Start of Data block

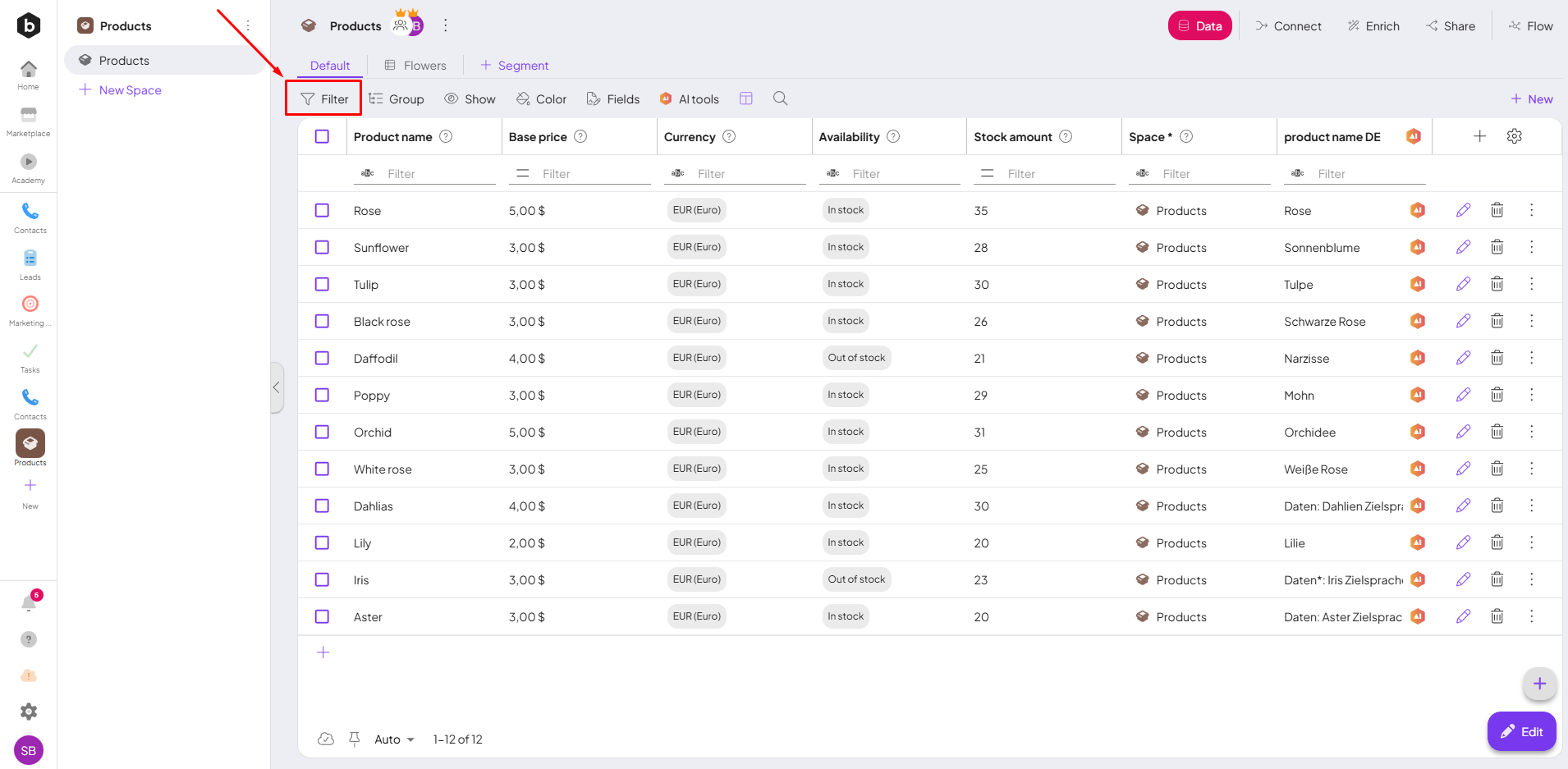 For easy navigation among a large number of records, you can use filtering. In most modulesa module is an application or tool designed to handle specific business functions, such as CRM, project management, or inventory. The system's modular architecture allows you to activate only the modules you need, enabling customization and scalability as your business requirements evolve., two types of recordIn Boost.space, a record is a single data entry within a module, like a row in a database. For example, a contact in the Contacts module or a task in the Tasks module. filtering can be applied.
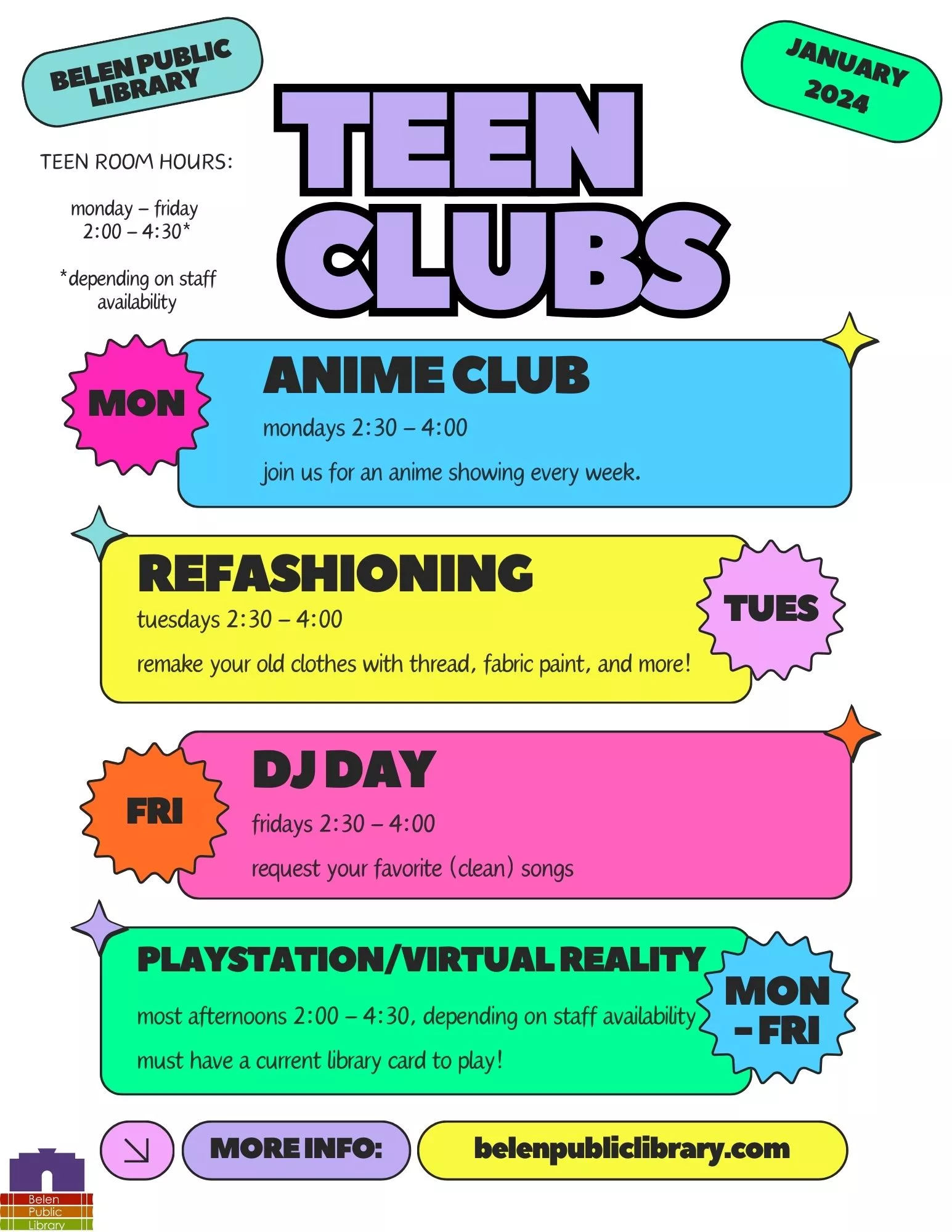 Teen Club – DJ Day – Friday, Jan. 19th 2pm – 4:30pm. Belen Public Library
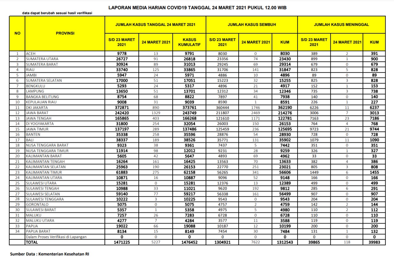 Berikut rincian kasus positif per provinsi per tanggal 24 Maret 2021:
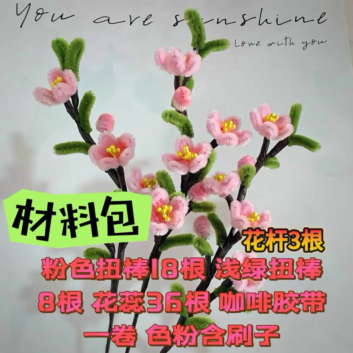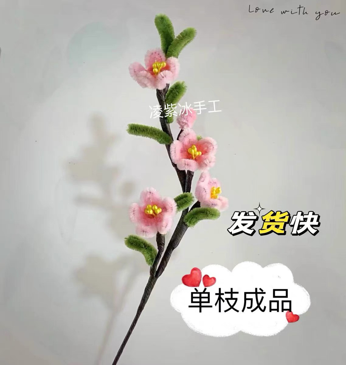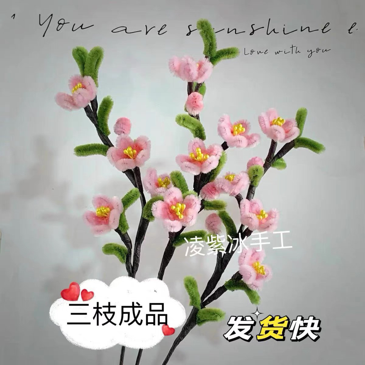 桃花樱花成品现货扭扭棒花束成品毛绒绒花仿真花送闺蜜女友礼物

End of Data block

◆ **Instructions to follow**:
Without the images, print all of the lines above exactly.

◆ **Solved problem**:
 For easy navigation among a large number of records, you can use filtering. In most modulesa module is an application or tool designed to handle specific business functions, such as CRM, project management, or inventory. The system's modular architecture allows you to activate only the modules you need, enabling customization and scalability as your business requirements evolve., two types of recordIn Boost.space, a record is a single data entry within a module, like a row in a database. For example, a contact in the Contacts module or a task in the Tasks module. filtering can be applied.
 Teen Club – DJ Day – Friday, Jan. 19th 2pm – 4:30pm. Belen Public Library
 Berikut rincian kasus positif per provinsi per tanggal 24 Maret 2021:
 桃花樱花成品现货扭扭棒花束成品毛绒绒花仿真花送闺蜜女友礼物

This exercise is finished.